Using the listing below, set down exactly the lines from the one that contains "Braga de corte" through the one that contains "A row of bare", with no pictures.

» **Data to examine**
>>>
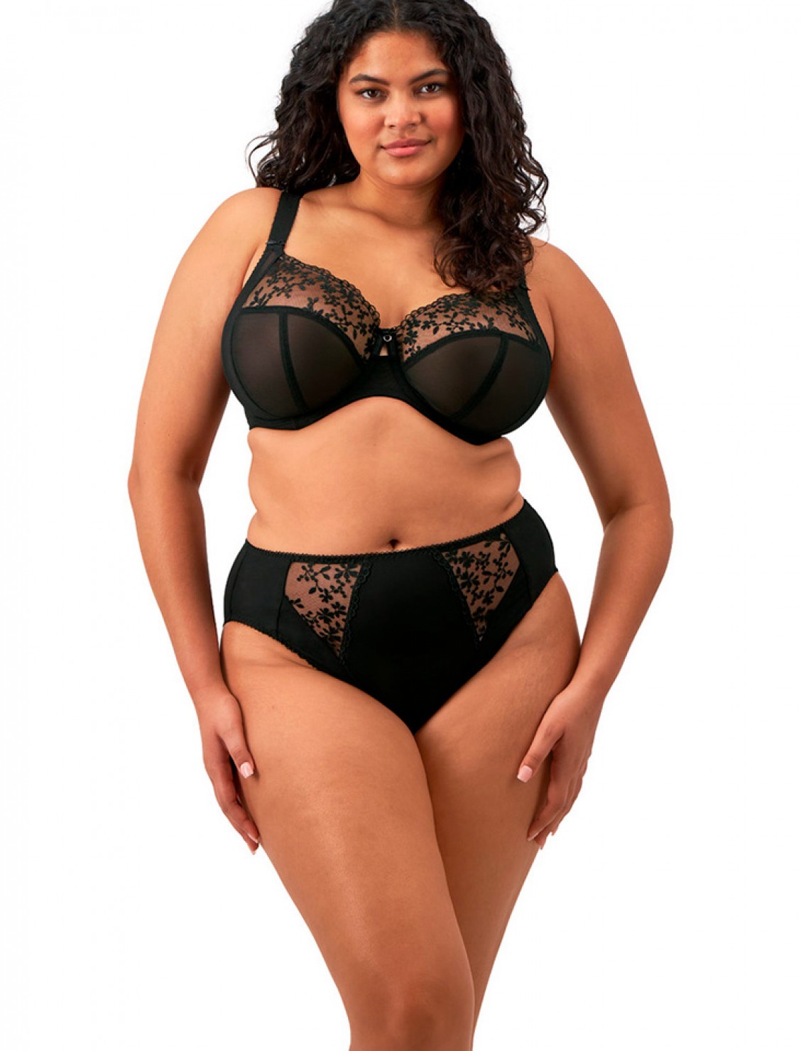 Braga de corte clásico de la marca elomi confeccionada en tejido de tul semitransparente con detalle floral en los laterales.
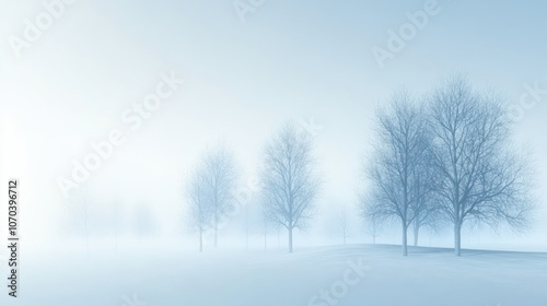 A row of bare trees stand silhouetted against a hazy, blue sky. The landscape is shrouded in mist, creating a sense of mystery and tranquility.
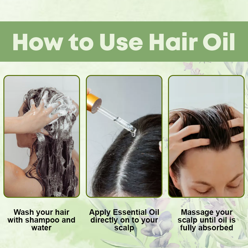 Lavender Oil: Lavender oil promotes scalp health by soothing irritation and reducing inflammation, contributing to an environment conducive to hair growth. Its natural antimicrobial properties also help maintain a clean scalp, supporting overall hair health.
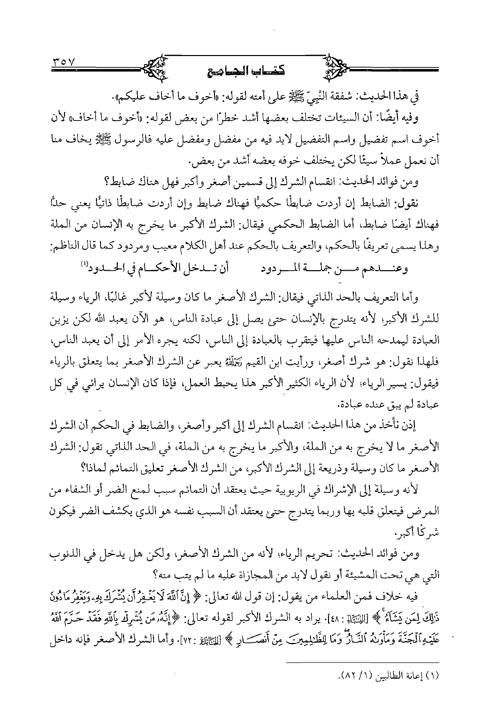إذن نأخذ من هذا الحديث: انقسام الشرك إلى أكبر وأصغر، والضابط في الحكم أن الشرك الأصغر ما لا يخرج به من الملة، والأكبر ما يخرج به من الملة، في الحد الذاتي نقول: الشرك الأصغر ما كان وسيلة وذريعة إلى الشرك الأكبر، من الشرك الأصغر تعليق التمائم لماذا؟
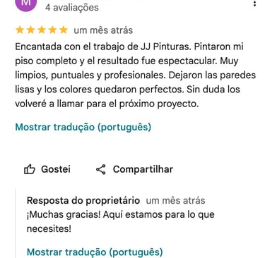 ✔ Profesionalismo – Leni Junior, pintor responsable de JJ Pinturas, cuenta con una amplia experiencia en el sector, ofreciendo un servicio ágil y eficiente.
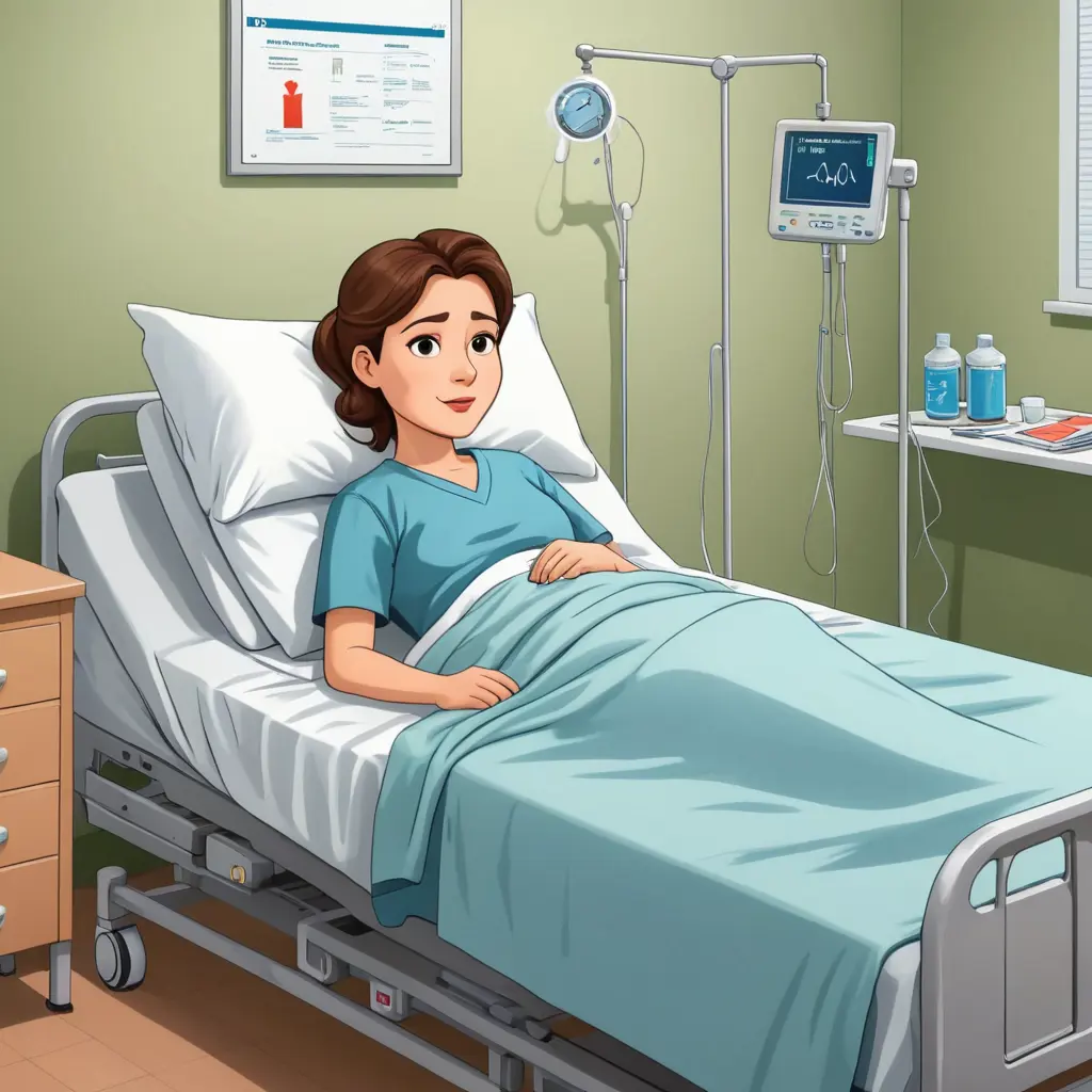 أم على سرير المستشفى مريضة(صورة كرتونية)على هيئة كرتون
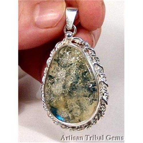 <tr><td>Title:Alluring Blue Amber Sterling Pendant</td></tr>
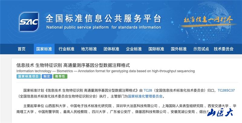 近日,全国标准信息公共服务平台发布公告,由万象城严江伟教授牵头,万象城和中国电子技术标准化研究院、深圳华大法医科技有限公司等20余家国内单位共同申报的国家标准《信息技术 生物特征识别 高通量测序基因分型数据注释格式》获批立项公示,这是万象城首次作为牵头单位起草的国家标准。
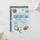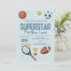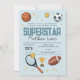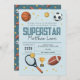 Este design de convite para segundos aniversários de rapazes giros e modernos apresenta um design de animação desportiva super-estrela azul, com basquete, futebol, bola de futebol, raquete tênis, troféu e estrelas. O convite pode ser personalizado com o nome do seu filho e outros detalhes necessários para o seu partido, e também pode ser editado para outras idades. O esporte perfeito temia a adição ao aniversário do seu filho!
<<<
>>>
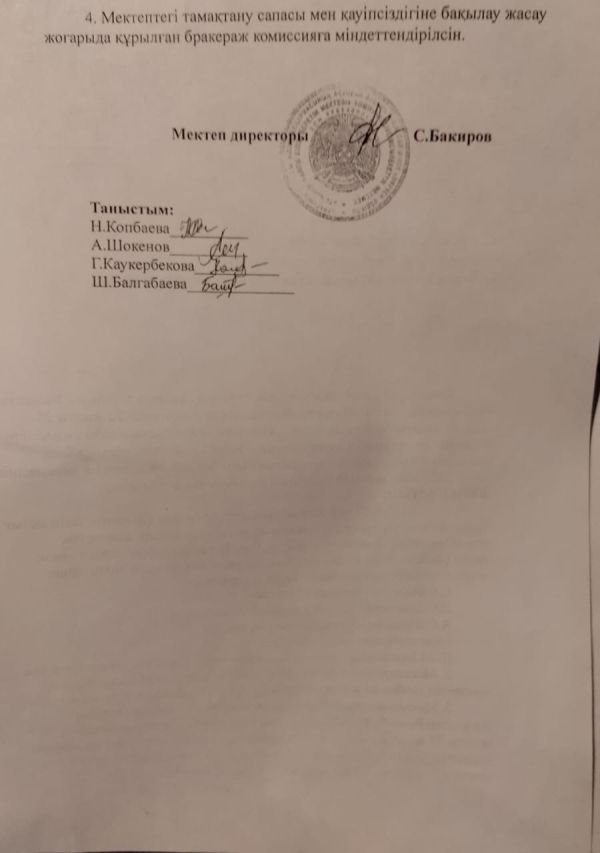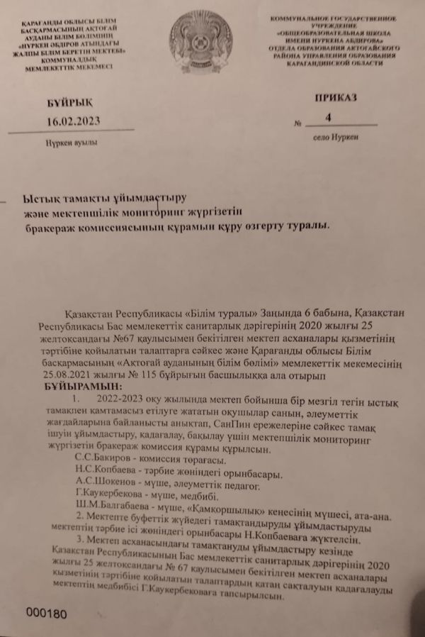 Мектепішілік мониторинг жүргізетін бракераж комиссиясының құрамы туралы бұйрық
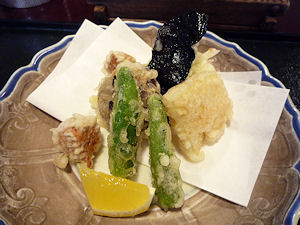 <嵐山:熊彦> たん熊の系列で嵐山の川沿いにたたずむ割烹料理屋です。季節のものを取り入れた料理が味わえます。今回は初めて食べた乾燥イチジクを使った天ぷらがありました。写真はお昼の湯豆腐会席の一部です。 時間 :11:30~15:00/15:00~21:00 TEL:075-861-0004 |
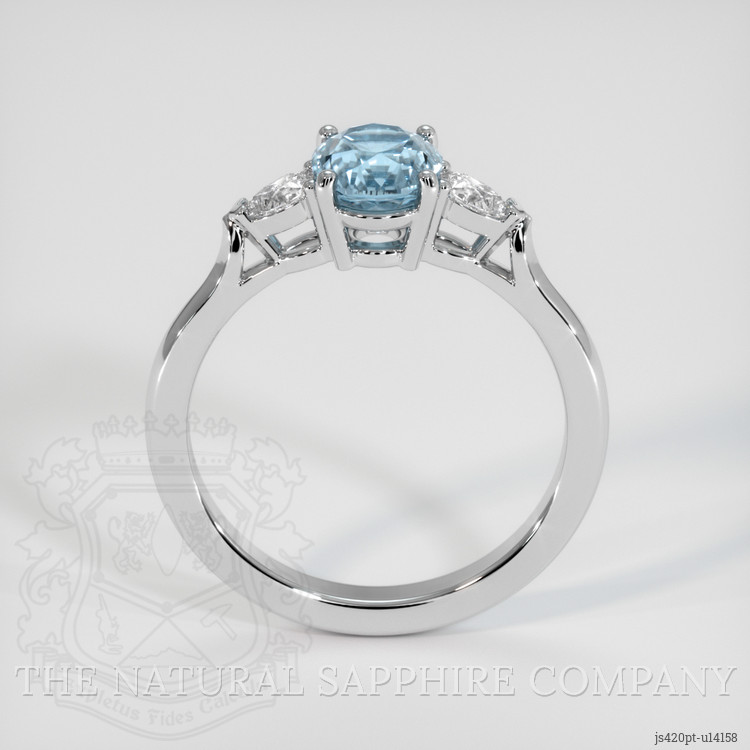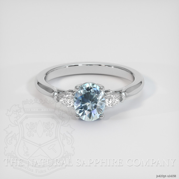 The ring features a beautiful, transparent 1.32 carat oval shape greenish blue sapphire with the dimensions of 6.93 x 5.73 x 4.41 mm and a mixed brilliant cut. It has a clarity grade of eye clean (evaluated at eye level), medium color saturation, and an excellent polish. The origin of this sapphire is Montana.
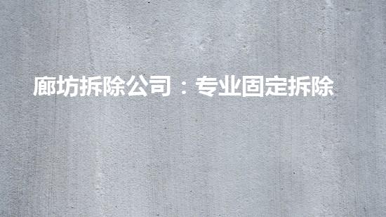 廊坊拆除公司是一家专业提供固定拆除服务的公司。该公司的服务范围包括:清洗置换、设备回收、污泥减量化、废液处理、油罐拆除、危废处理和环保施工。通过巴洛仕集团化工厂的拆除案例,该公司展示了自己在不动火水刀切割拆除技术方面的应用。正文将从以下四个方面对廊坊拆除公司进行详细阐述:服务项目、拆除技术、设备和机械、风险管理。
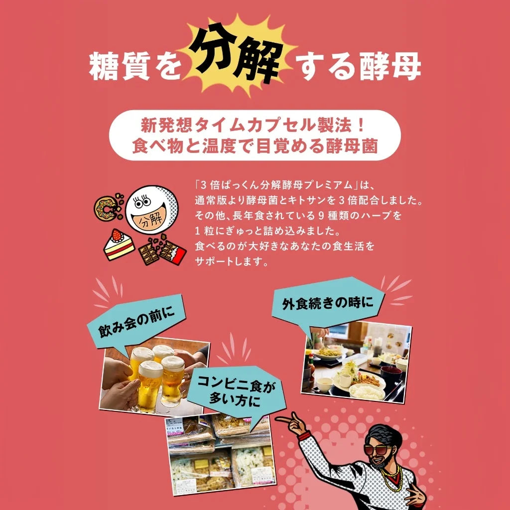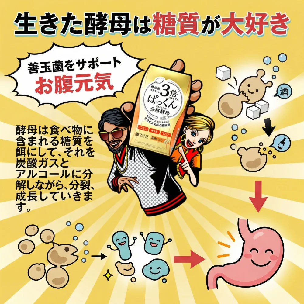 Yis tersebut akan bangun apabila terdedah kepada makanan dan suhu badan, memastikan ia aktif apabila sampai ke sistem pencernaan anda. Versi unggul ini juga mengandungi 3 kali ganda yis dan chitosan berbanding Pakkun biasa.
<<<
>>>
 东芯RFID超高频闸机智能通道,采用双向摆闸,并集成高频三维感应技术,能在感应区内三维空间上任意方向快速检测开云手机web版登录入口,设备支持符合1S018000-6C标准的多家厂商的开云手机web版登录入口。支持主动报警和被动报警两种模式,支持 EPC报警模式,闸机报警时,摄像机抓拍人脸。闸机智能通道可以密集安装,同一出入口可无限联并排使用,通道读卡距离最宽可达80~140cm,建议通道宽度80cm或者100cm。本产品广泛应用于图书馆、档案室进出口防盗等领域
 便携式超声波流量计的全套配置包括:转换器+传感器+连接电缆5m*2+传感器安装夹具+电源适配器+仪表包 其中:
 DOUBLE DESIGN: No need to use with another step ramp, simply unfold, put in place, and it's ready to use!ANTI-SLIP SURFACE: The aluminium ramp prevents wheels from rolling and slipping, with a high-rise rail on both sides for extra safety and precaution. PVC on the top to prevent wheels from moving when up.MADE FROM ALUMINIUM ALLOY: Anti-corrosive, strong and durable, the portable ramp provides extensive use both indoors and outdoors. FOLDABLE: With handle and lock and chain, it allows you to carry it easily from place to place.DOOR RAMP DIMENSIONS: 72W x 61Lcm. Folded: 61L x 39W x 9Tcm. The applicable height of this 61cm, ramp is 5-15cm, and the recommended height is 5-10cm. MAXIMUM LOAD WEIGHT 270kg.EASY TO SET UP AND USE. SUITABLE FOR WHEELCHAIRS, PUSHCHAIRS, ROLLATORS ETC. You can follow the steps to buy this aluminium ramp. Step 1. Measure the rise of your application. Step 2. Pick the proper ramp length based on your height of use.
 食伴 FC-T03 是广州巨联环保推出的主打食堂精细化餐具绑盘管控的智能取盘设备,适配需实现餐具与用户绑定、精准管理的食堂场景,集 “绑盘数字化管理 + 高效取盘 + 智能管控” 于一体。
<<<
» **Task output**
 Braga de corte clásico de la marca elomi confeccionada en tejido de tul semitransparente con detalle floral en los laterales.
 A row of bare trees stand silhouetted against a hazy, blue sky. The landscape is shrouded in mist, creating a sense of mystery and tranquility.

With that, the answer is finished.